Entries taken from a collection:
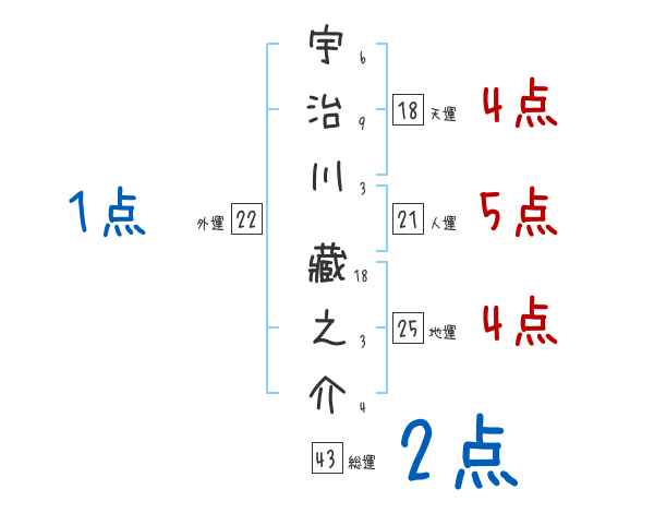 総運![]() | 宇治川藏之介さんの総運は43画の2つ星!頑固な性格で独立心が強いかも。やや非現実的で浪費に注意しましょう。 あなたの人生を表す1番重要な運勢です。生涯を通じて影響する総合運となり、主に50歳以降の晩年期に影響を及ぼします。 |
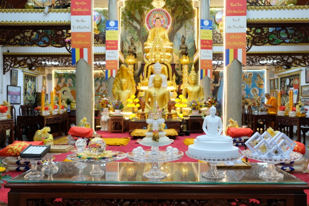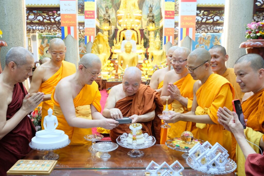 วันที่ 11 กรกฎาคม 2565 พระวิเทศธรรมาภรณ์ ประธานมูลนิธิธรรมกาย นำคณะสงฆ์และศิษยานุศิษย์วัดพระธรรมกาย จังหวัดปทุมธานี เดินทางไปประกอบพิธีถวายเทียนพรรษา จตุปัจจัยไทยธรรมและอัญเชิญพระบรมสารีริกธาตุเพื่อประดิษฐาน ณ วัดโฝ่มินห์ (Pho Minh) หรือ วัดวิชชาวัฒนาวิหาร เขตก่อวัป นครโฮจิมินห์ ประเทศเวียดนาม
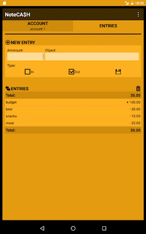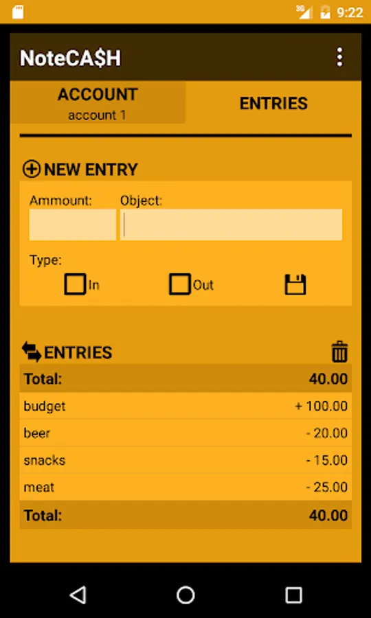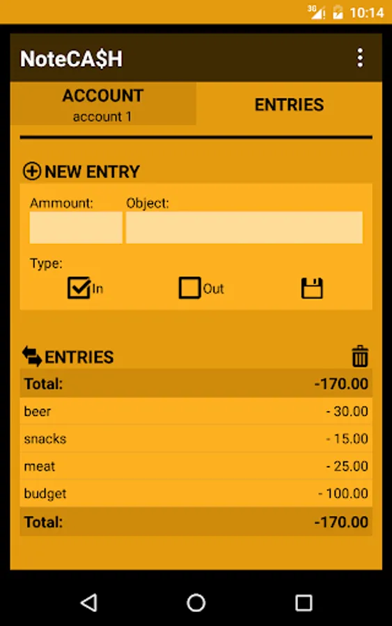 This is not an application for advanced or complex accounting but quite the opposite: NoteCA$H is essentially the minimum necessary to save the in/out flow of money in accounts.
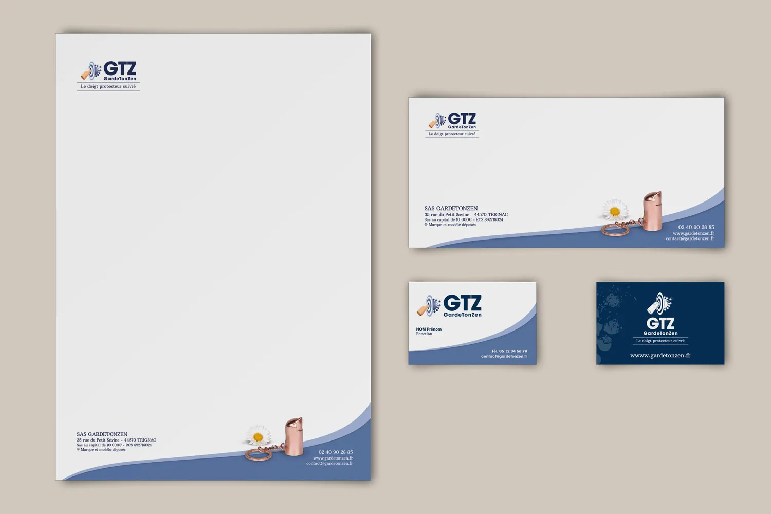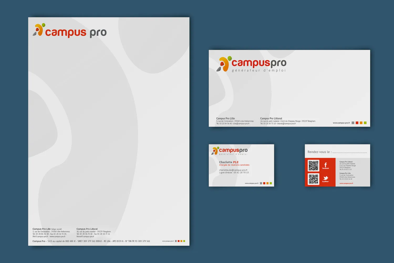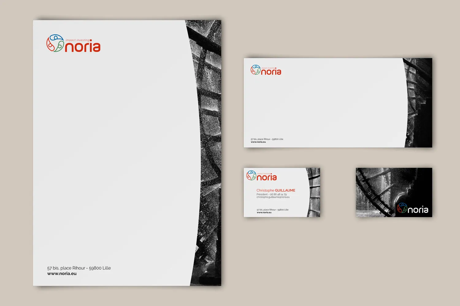 Le set de correspondance forme un ensemble harmonieux dédié à vos communications écrites. L’en-tête de lettre, la carte de correspondance et la carte de visite prolongent l’identité de votre marque dans chaque échange formel. Sobriété, clarté et élégance en sont les maîtres mots.
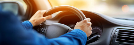 Learning to Drive Close-Up of Male Hands on Steering Wheel in Modern Car Interior During Sunset
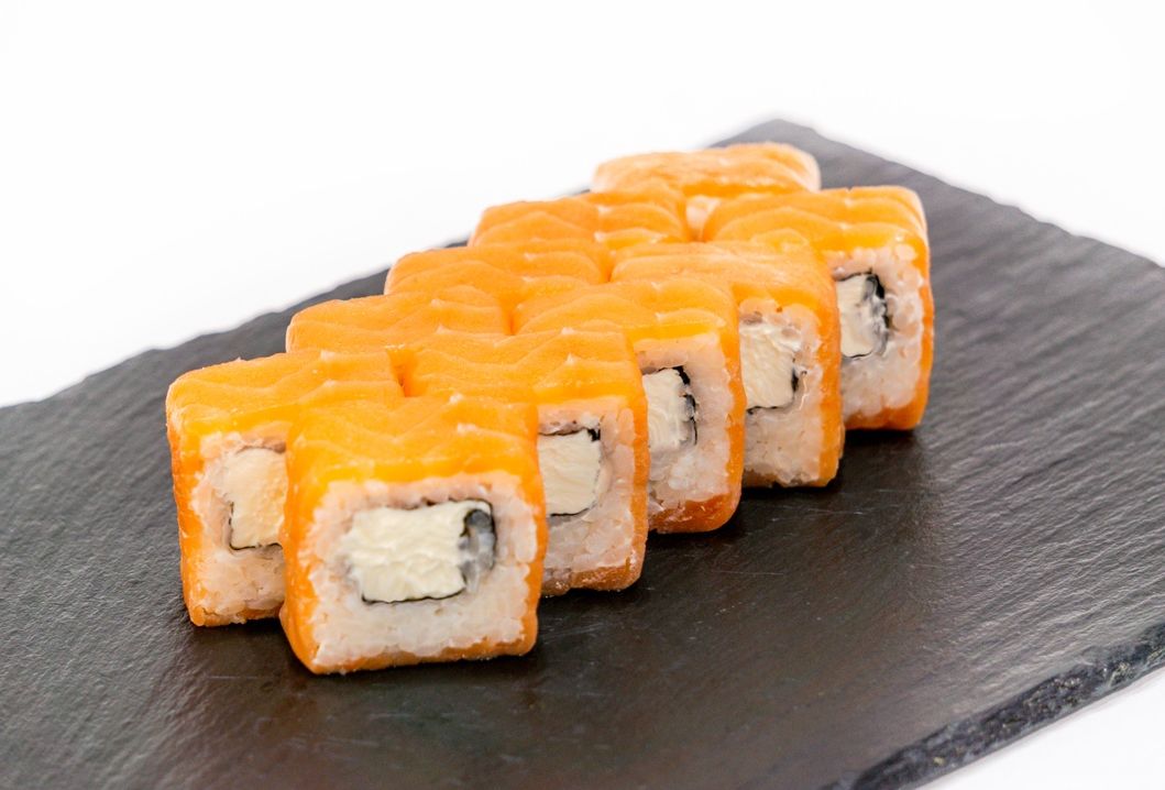 Внутри с лососем отварным,айсбергом и помидоркой,сверху панированный икрой масаго и копченым угрем.
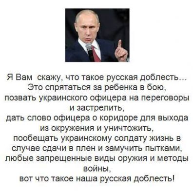 Господа российские агрессоры, ваш Главковерх вас тупо подставил, за Донбасс вам не будут медальки вешать, как за Крым. Наоборот: поменяйся у Путина настроение или сменись в РФ власть, и вы – военные преступники в собственной стране.
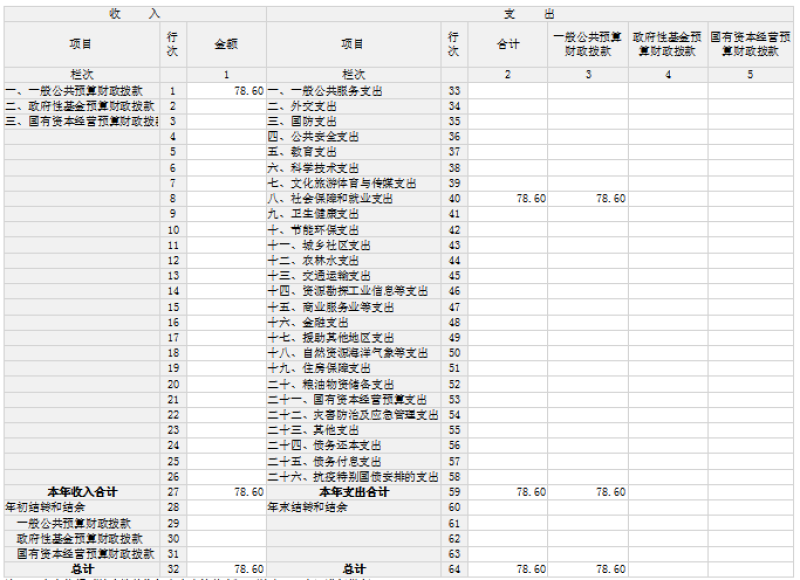 2024年度一般公共預(yù)算財(cái)政撥款支出78.6萬(wàn)元,主要用于:社會(huì)保障和就業(yè)支出78.6萬(wàn)元,占100%。

> **Assigned task**
Because the copy must hold no pictures, return only the lines that run from the line containing "This is not" to the end of the data above, each exactly as it stands.

> **Solved exercise**
 This is not an application for advanced or complex accounting but quite the opposite: NoteCA$H is essentially the minimum necessary to save the in/out flow of money in accounts.
 Le set de correspondance forme un ensemble harmonieux dédié à vos communications écrites. L’en-tête de lettre, la carte de correspondance et la carte de visite prolongent l’identité de votre marque dans chaque échange formel. Sobriété, clarté et élégance en sont les maîtres mots.
 Learning to Drive Close-Up of Male Hands on Steering Wheel in Modern Car Interior During Sunset
 Внутри с лососем отварным,айсбергом и помидоркой,сверху панированный икрой масаго и копченым угрем.
 Господа российские агрессоры, ваш Главковерх вас тупо подставил, за Донбасс вам не будут медальки вешать, как за Крым. Наоборот: поменяйся у Путина настроение или сменись в РФ власть, и вы – военные преступники в собственной стране.
 2024年度一般公共預(yù)算財(cái)政撥款支出78.6萬(wàn)元,主要用于:社會(huì)保障和就業(yè)支出78.6萬(wàn)元,占100%。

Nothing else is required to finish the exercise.